Clause 6 of partnership agreements

  1. The plaintiff relied on the reference to “termination” in this clause; and further submitted that the clause had little utility if a different construction were given to it.

  1. It is necessary to consider the clause in the context of each of the deeds.  Other provisions of each deed have been previously noted.  For the plaintiff, it is submitted that in those clauses, reference is made to the termination of the partnership where it is clearly intended to refer to its dissolution.  For the defendants, it is submitted that the construction for which the plaintiff contends is in conflict with clauses 12, 13, and 14.

  1. It is clear that each deed envisaged the possibility that each partnership might continue (at least in a reconstituted form), though one of the three brothers might cease to be a partner by reason of any of the events mentioned in clauses 12, 13 and 14, and the exercise of the option then conferred on the other partners.  Clause 12, in the event of a breach by one partner, gives the other partners the power by notice to “determine the partnership”; and cl 13 enables a partner who wishes to retire to “terminate the partnership”; yet in each case the deed makes provision for some of the partners to purchase a share of the other, no doubt with a view to continuing the partnership business.  The nature of the business is such that it could not, however, be continued, if on termination by any of the events mentioned in clauses 12, 13 or 14, the farms and other assets were to be “handed back” to the three brothers.

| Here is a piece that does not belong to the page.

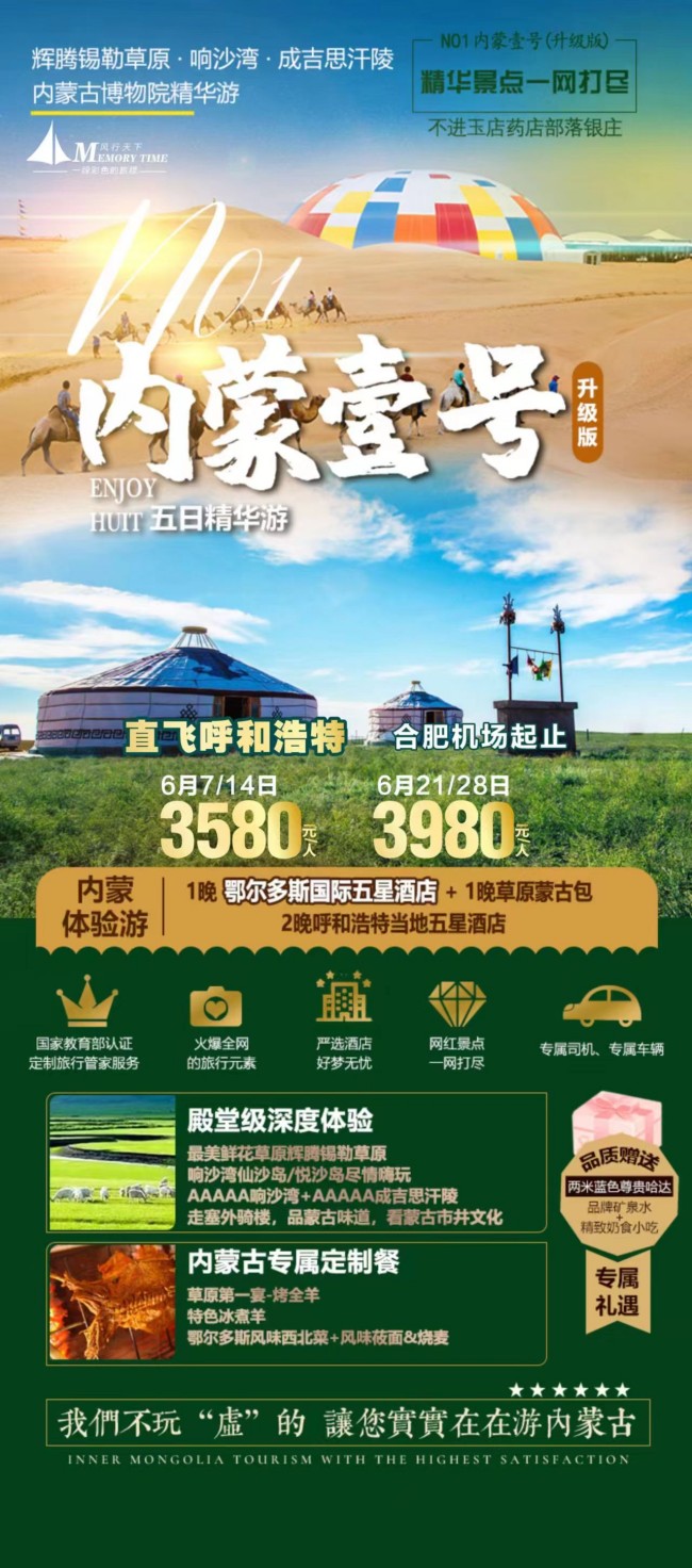 4、交通:出发地-呼和浩特往返经济舱,当地旅游巴士,保证每人一正座;

  1. Apart from that consideration, it is by no means clear that cl 6 would have no utility if it were to take effect at the conclusion of the winding up, rather than on dissolution. By virtue of s 42 of the Partnership Act 1891 (Qld), on dissolution of a partnership, partnership property is to be applied in payment of debts and liabilities, and the surplus is to be applied in payment of what may be due to the partners respectively. It seems to me that in that context, cl 6 would serve the purpose of requiring the partners to preserve the lands; and if necessary, to enable that to be achieved, to contribute capital to meet any liabilities. It therefore seems to me to be incorrect to submit that the clause is without purpose, if the “termination” referred to is that which occurs when the affairs of the partnership are finalised on the conclusion of a winding up.

  1. On behalf of the plaintiff, it was submitted that a purpose of the clause was to ensure that the lands reverted to the three brothers on dissolution, so as to protect them from creditors of the partnerships.  It seems to me that that is an intention I should not lightly attribute to those responsible for the deeds; nor is it one easily drawn from the terms of the deeds, or the surrounding circumstances known by the parties.  Indeed, a clear circumstance of termination is one of the events referred to in clauses 12, 13 and 14, and the subsequent decision by the parties entitled to do so, not to exercise the option to purchase the share of the other partner.  Yet in those circumstances, cl 16 provides for a conventional winding up, including the distribution of the assets “as provided by law”.  That seems to me to be quite inconsistent with the suggested intention.

  1. Finally, the construction for which the plaintiff contends presents other problems.  On dissolution, it is inevitable that a winding up must occur.  It is not unlikely that at that time, the partnership would have a substantial number of cattle depastured on the farms, and may have carried out some cropping activities, the benefit of which might not be available for some period of time.  The farming partnership included two people who would have no rights over the farms, once they reverted to the three brothers.  It would be highly inconvenient, and potentially unfair, to provide for the immediate reversion of the land to the three brothers on dissolution of the partnerships, rather than when they were wound up.  This consideration, it seems to me, provides an additional reason for thinking that, objectively speaking, the construction for which the plaintiff contends is not that which the parties intended when they entered into the deeds.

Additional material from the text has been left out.